17日に米東部デラウェア州の裁判所に提出された調査報告書では、FTXの内部統治が機能していなかったことが明らかになった。FTX創業者のサム・バンクマン・フリード(SBF)氏に代わりFTXの新しい最高経営責任者(CEO)に任命されたジョン・レイ氏は、エンロン事件をはじめ40年以上事業再生に携わってきた人物だが、報告書で「これほどまでに企業統治が失敗し、信頼できる財務情報が欠けている状態は見たことがない」と述べている。

【報告書で明らかになった企業統治・財務管理の状況】

●SBF氏が当初55億ドル(約7700億円)あると述べていたFTXの暗号資産は、たったの65万9000ドル(約9200万円)しかなかった
●現金の一元的な管理がされておらず、銀行口座一覧のリストすらなかった
●支払い管理のシステムがなく、経費の申請はオンラインチャットで行われ、絵文字で承認が行われていた
●経費の一部は従業員の家や身の回りの品を購入するために使われていた
●安全でないメールグループアカウントで秘密鍵や重要データが扱われていた
●従業員の完全なリストが残っていない

レイ氏は「最もまん延している失敗の一つは、意思決定の記録の欠如である」と指摘している。前CEOのSBF氏は短期間で自動削除されるメッセージアプリをよく使用し、従業員にも利用を推奨していたという。

またFTXの自動清算システムでは、Alamedaのポジションのみ清算されないように秘密裡に除外する仕組みがあったことも報告された。清算は顧客が一定の損失を出した際に強制的にポジションが決済される仕組みで、顧客が莫大な損失を被らないようにする目的で行われる。Alamedaの清算を除外しないことで、損失が無制限に膨らむ可能性を放置した状態になっていたと思われる。

2.FTX Japan:良好な財務状況で、事業売却の見込み

日本法人のFTX Japanをはじめ当局の監視下にあったFTXの複数の子会社は「優良事業」として売却される見込みだ。事業が売却されれば、FTX Japanの顧客資産がFTX本体の債務とは切り離される。資金が顧客に返却される可能性も高くなる。

FTX Japanは21日、暗号資産の管理状況を報告。暗号資産は同社のコールドウォレット、法定通貨は信託口座で「問題なく保全されている」とのこと。

純資産額は約100億円、現預金は約178億円に上る。優良な財務状況から、投資銀行経由での買収打診があったとみられている。
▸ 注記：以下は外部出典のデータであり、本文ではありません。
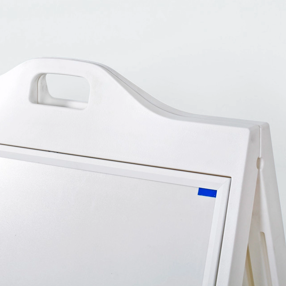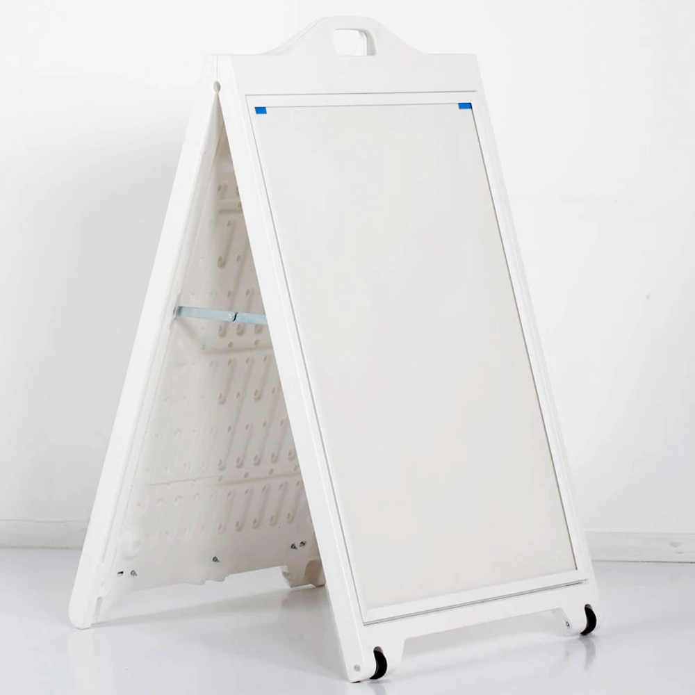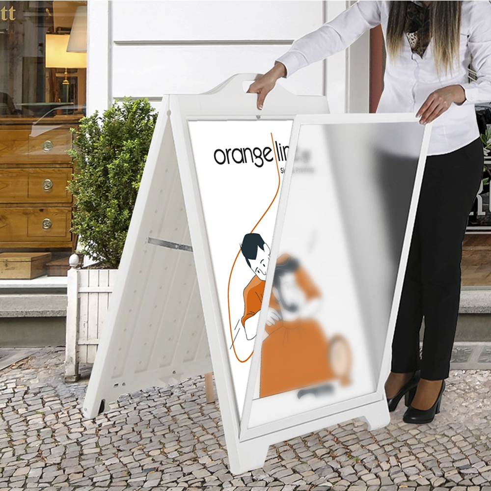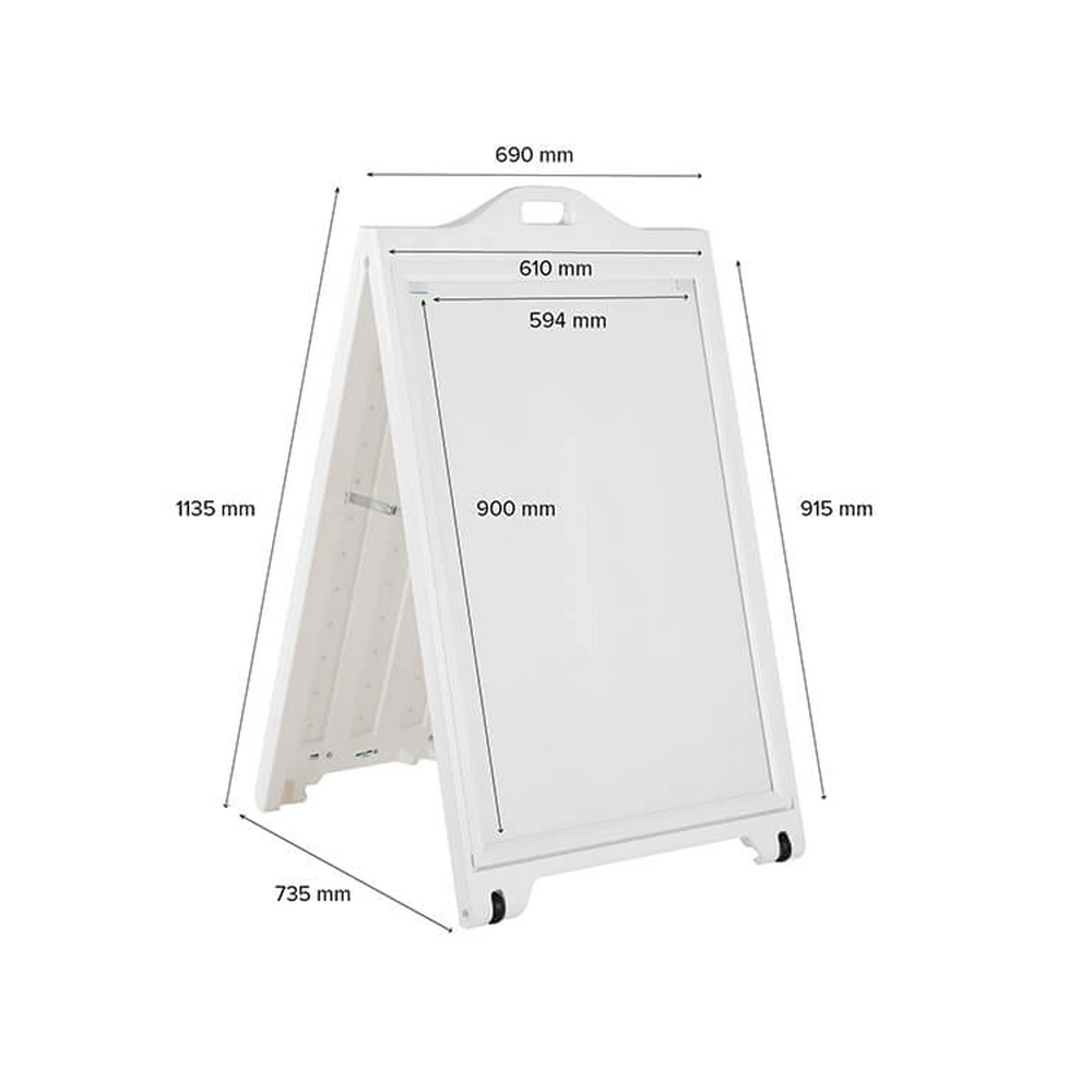 Το A–BOARD pvc σταντ με κορνίζα αλουμινίου είναι κατασκευασμένο από πλαστικό υψηλής ποιότητας HDPE*, είναι διπλής όψεως, πτυσσόμενο, με χειρολαβή και ροδάκια για εύκολη μετακίνηση. Aνθεκτικό, στιβαρό κατάλληλο για εκτεταμένη χρήση σε εξωτερικούς χώρους και σε αντίξοες καιρικές συνθήκες. Για την προστασία της εκτύπωσης διαθέτει κάλυμμα από κορνίζα αλουμινίου με αντιθαμβωτική διαφάνεια PET. Η εκτύπωση γίνεται επάνω σε μουσαμά, για την σταθερή τοποθέτηση της εκτύπωσης υπάρχει κολλητική ταινία (επαναχρησιμοποιούμενη μέχρι 100 φορές) που επιτρέπει και την εύκολη αλλαγή εκτύπωσης. Όταν δεν χρησιμοποιείται, διπλώνει για πιο άνετη αποθήκευση.
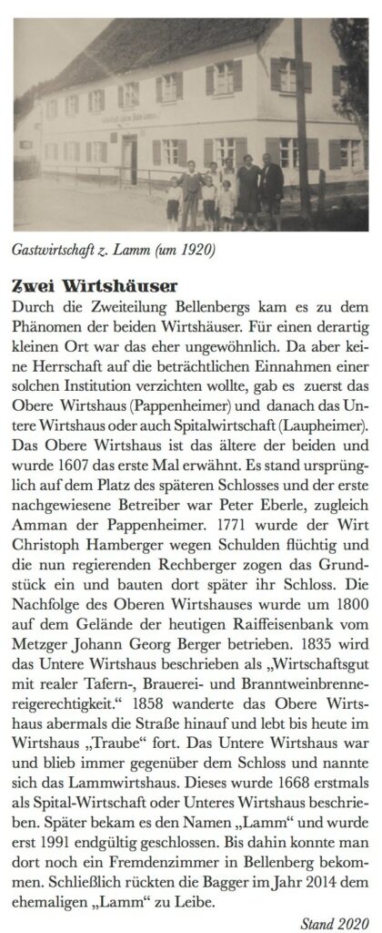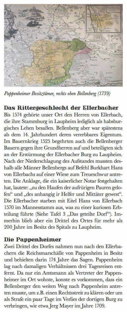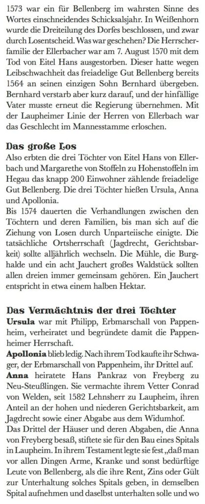 1570 sind die Herren von Bellenberg, das Rittergeschlecht der Ellerbacher, im Mannesstamm ausgestorben. „Nur“ drei Töchter tragen jetzt noch das adlige Blut in sich. Das bedeutet, der Stammsitz der Ellerbacher, Laupheim samt Burg, fällt als Reichslehen zurück an den Kaiser. Das Dorf Bellenberg allerdings ist ein freiadliges Gut, also reichsunmittelbar und kann somit im Besitz der drei Erbinnen verbleiben.
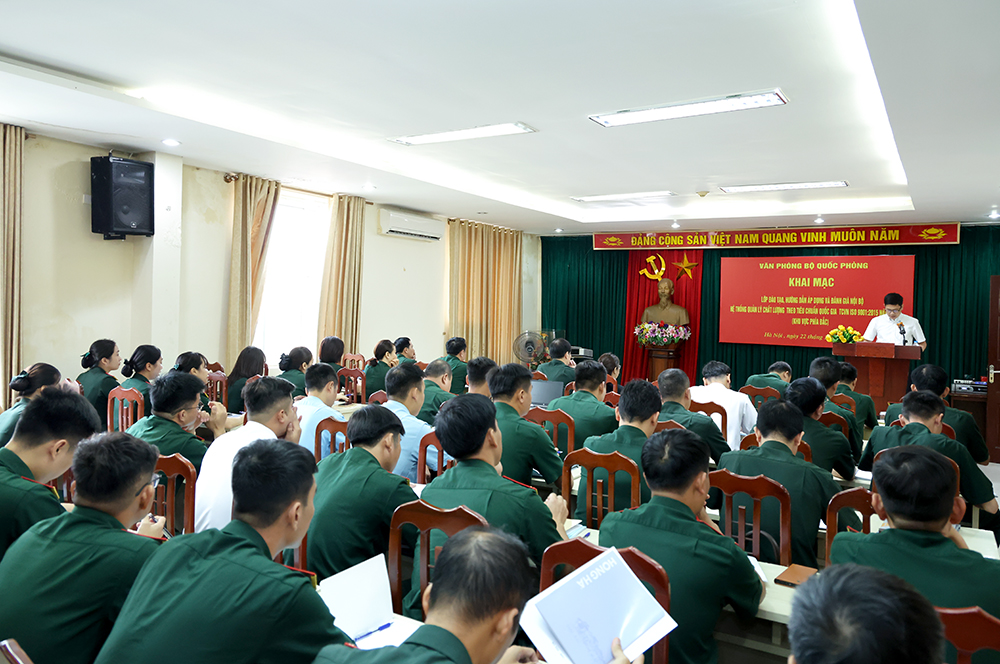 Phát biểu khai mạc lớp đào tạo, Thiếu tướng Lê Văn Dũng, Phó chánh Văn phòng Bộ Quốc phòng (BQP) cho biết: Thời gian qua, BQP rất quan tâm, coi trọng thúc đẩy việc áp dụng Hệ thống quản lý chất lượng theo tiêu chuẩn ISO trong giải quyết thủ tục hành chính và công việc nội bộ tại các cơ quan, đơn vị, góp phần nâng cao hiệu quả trong thực hiện các mục tiêu cải cách hành chính, tạo sự nhất quán trong công việc, chuẩn hóa các quy trình hoạt động, xử lý nghiệp vụ, cắt giảm các thủ tục không cần thiết và cải tiến phương pháp làm việc. Đến nay, BQP đã triển khai áp dụng Hệ thống quản lý chất lượng đối với 626 cơ quan, đơn vị trong toàn quân.
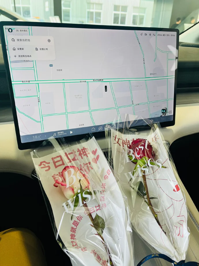 把花放进车内的一瞬间,整个座舱的氛围感立刻就不一样了。X9的极简内饰成了鲜花最好的背景。在这个属于她的日子里,小鹏X9不仅仅是一台代步工具,它更是一间流动的“浪漫放映厅”。
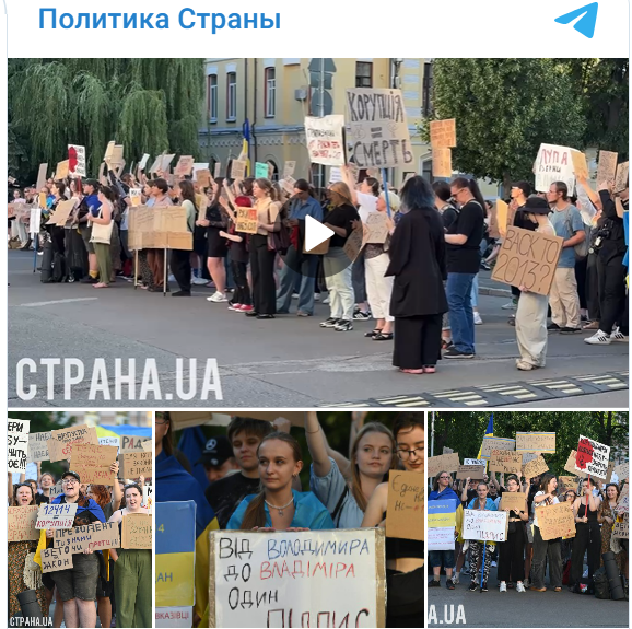 젤렌스키 우크라이나 대통령이 최근(7월 22~24일) 측근들의 비리를 파고드는 국가반부패국(NABU, 러시아어로는 НАБУ, '나부'라고 읽는다)을 통제하기 위한 법안을 내놓았다가, 이에 저항하는 반대 시위에 밀려 법안을 철회했는데, 그 후유증으로 '전쟁 중 가두 시위 사태' 우려됐었다.
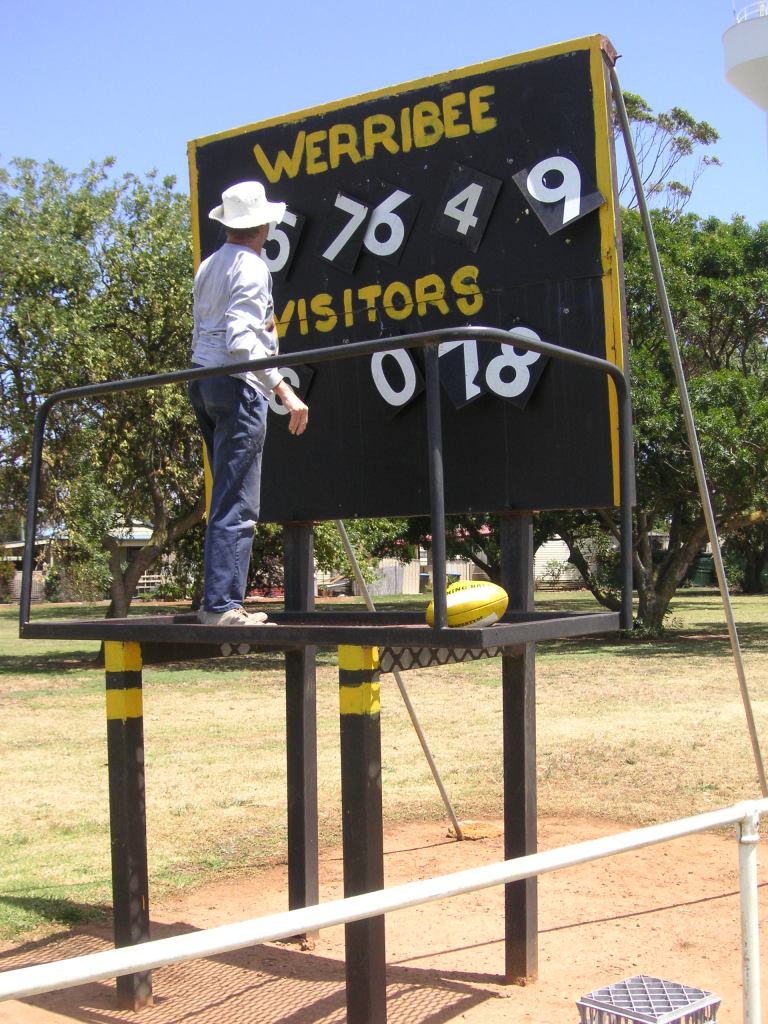 There have been major renovations to the Werribee South scoreboard. Back in 2010 it had a black and white paint scheme. And some rust.
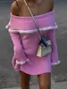 Tossy Knit Off-Shoulder Sweater Mini Dress Women’s Lace Patchwork Ribbed Slim Backless Elegant Party Dress Knitwear Mini Dress
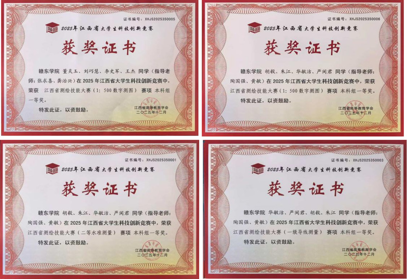 近日,江西省高等教育学会公布了2025年江西省大学生科技创新竞赛测绘技能大赛成绩,赣东学院应用工程学院2支参赛队伍分别角逐“一级导线测量”“1:500数字测图”“二等水准测量”赛项,获一等奖4项、二等奖1项、三等奖1项。
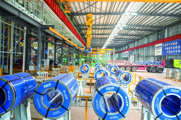 11月1日,位于娄底“材料谷”的涟钢热轧板厂里热气升腾,1580热连轧生产线上,火红的钢坯迅速“驶”过一个个加工设备,冷却后成为一卷卷钢材。钢材很快被转运至毗邻的硅钢产业园、电机产业园,进而加工成硅钢及“三电”等产品。
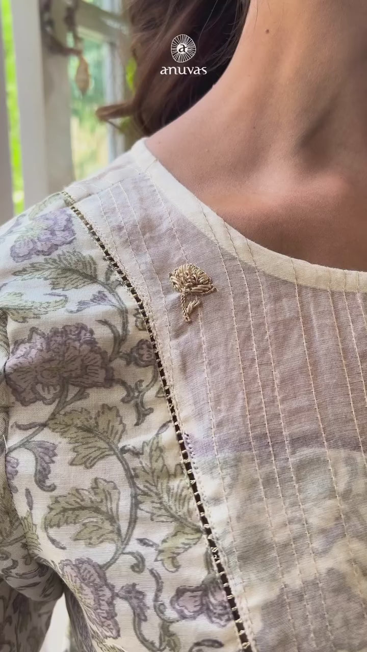 Exquisite hand block printed Chandheri straight kurta with delicate mul lining, offering both comfort and elegance. This classic piece features a round neck and a solid Chandheri yoke adorned with intricate hand embroidery on the front, adding a touch of sophistication. The back showcases a Chandheri yoke enriched with zari tagayi and loops, enhancing its allure. Pair this kurta with our cotton straight pants, beautifully accented with organza details at the hem, finished with meticulous handwork. Elevate your style with this timeless ensemble.
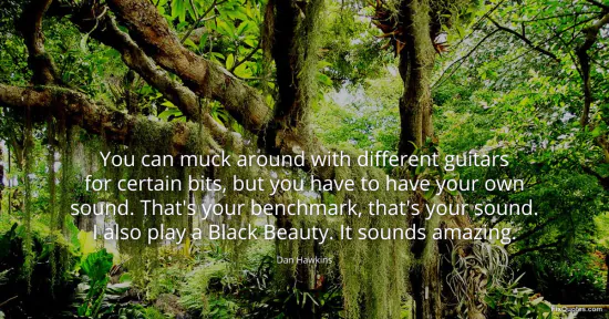 Hawkins, Dan. (2026, January 17). You can muck around with different guitars for certain bits, but you have to have your own sound. That's your benchmark, that's your sound. I also play a Black Beauty. It sounds amazing. FixQuotes. https://fixquotes.com/quotes/you-can-muck-around-with-different-guitars-for-38979/
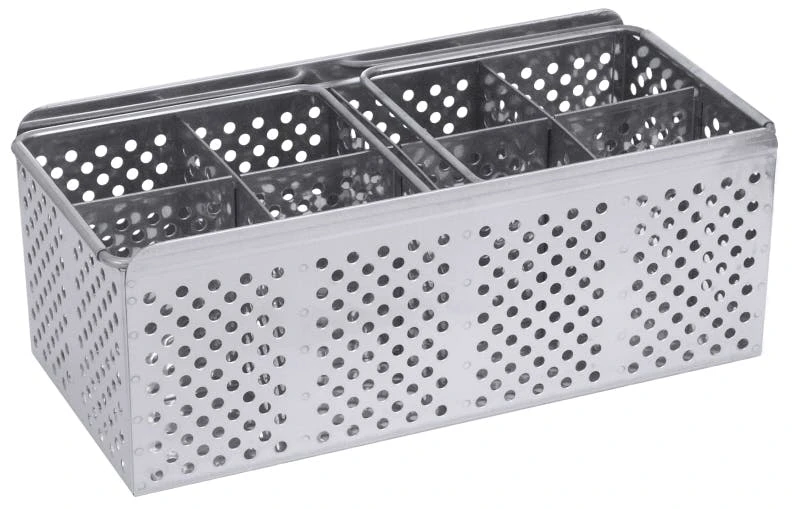 Besteckspülkorb mit 12 Fächern, aus Edelstahl 18/10, hochglänzend, mit Tragebügeln, spülmaschinenfest, mit 6 mm Lochung, schwere Qualität
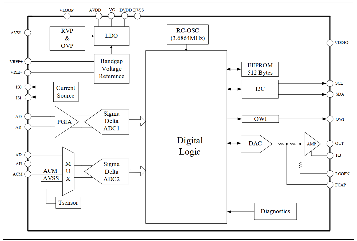 內(nèi)置一路低溫漂電壓激勵源,激勵電壓可選為2.5V和4V
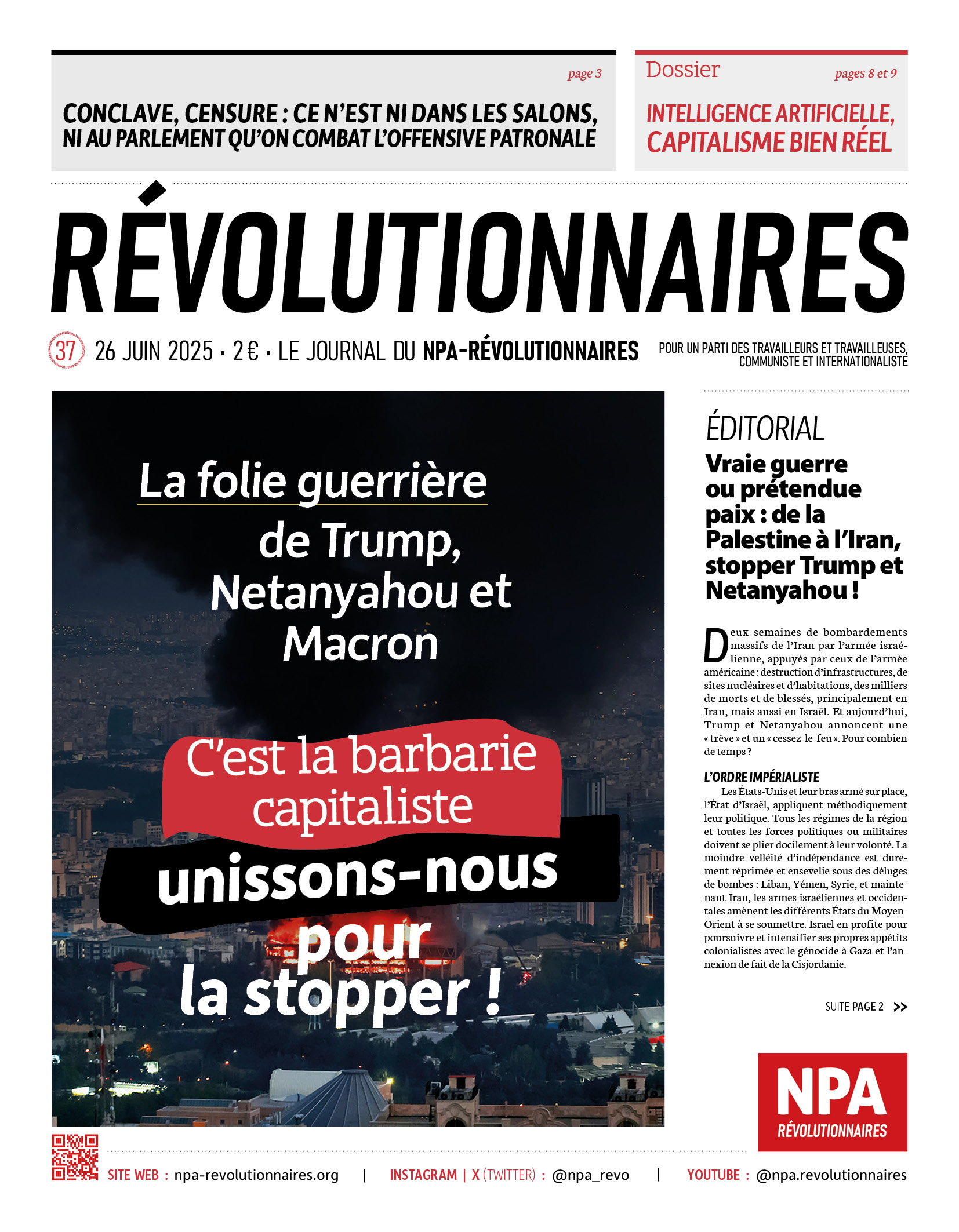- Éditorial : Vraie guerre ou prétendue paix : de la Palestine à l’Iran, stopper Trump et Netanyahou !

3.バハマ当局は独自に資産保護、ハッキング事件にも関係か

FTX子会社のFTX Digital Marets(FTX DM)が拠点を置いていたバハマ当局は、独自に同国内の顧客資産を保護する動きをみせている。

バハマ証券委員会は17日に発表した声明の中で「11月12日にFTX DMの全資産を、委員会の管理するウォレットに転送する措置を取った」とあかした

詳細はまだ明らかではないが、同日にはFTXへの不正アクセスにより資産が盗まれるハッキング事件が発生している。この事件にバハマ当局が関係している可能性が指摘されている。FTXの破産関連報告書では「チャプター11が申請された後に、FTXのデジタル資産を得る目的でバハマ政府がシステムへの不正アクセスを指示したとの、信頼できる証拠がある」と述べられている。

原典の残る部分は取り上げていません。